Data items:
- Opening Delimiter -
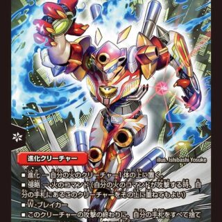 このクリーチャーを召喚する時、自分の手札を2枚捨ててもよい。そうしたら、このクリーチャーの召喚コストを3少なくする。スレイヤーW・ブレイカー相手はカードをマナゾーンに置く時、タップして置く。
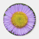 Magneta redonda decorativa para casa ou escritório que mostra a foto de uma flor bonito, roxa Fleabane Daisy, membro da família Aster. Um design floral adorável! Selecione o tamanho do seu ímã.
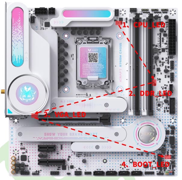 Если после включения компьютера к моменту перехода на загрузку ОС все индикаторы погасли, то проблем нет. К сожалению, данные индикаторы разбросаны по всей плате, а не в едином месте.
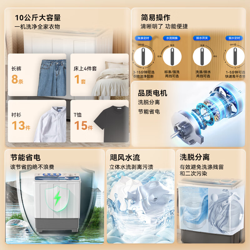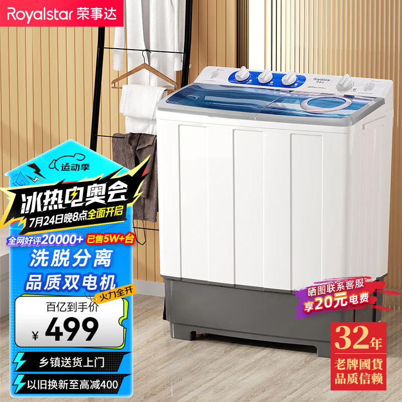 荣事达(Royalstar)洗衣机 10公斤双筒家用双缸半自动双桶洗衣机大容量甩干机 以旧换新 白色 RP10030J价格:509.00元!
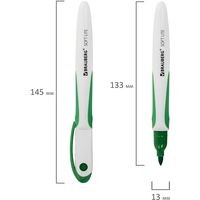 Высококачественный маркер BRAUBERG «SOFT LITE» для белой доски. Предназначен для письма на досках с магнитно-маркерной поверхностью.Маркер для доски зеленого цвета обладает круглым пластиковым корпусом диаметром 13 мм. Корпус оснащен резиновыми вставками для более удобного использования. Наконечник круглой формы обеспечивает толщину линии письма 3 мм, что позволяет писать крупным шрифтом, который будет хорошо виден. Благодаря спиртовой основе, чернила быстро высыхают и не оставляют разводов, легко стираются сухой губкой. Изделие не перезаправляется. Цвет клипа и резиновых вставок соответствует цвету чернил.
- Closing Delimiter -
_Problem to solve_
Once the pictures are removed, print all the remaining data exactly as it stands.

_Response to this task_
 このクリーチャーを召喚する時、自分の手札を2枚捨ててもよい。そうしたら、このクリーチャーの召喚コストを3少なくする。スレイヤーW・ブレイカー相手はカードをマナゾーンに置く時、タップして置く。
 Magneta redonda decorativa para casa ou escritório que mostra a foto de uma flor bonito, roxa Fleabane Daisy, membro da família Aster. Um design floral adorável! Selecione o tamanho do seu ímã.
 Если после включения компьютера к моменту перехода на загрузку ОС все индикаторы погасли, то проблем нет. К сожалению, данные индикаторы разбросаны по всей плате, а не в едином месте.
 荣事达(Royalstar)洗衣机 10公斤双筒家用双缸半自动双桶洗衣机大容量甩干机 以旧换新 白色 RP10030J价格:509.00元!
 Высококачественный маркер BRAUBERG «SOFT LITE» для белой доски. Предназначен для письма на досках с магнитно-маркерной поверхностью.Маркер для доски зеленого цвета обладает круглым пластиковым корпусом диаметром 13 мм. Корпус оснащен резиновыми вставками для более удобного использования. Наконечник круглой формы обеспечивает толщину линии письма 3 мм, что позволяет писать крупным шрифтом, который будет хорошо виден. Благодаря спиртовой основе, чернила быстро высыхают и не оставляют разводов, легко стираются сухой губкой. Изделие не перезаправляется. Цвет клипа и резиновых вставок соответствует цвету чернил.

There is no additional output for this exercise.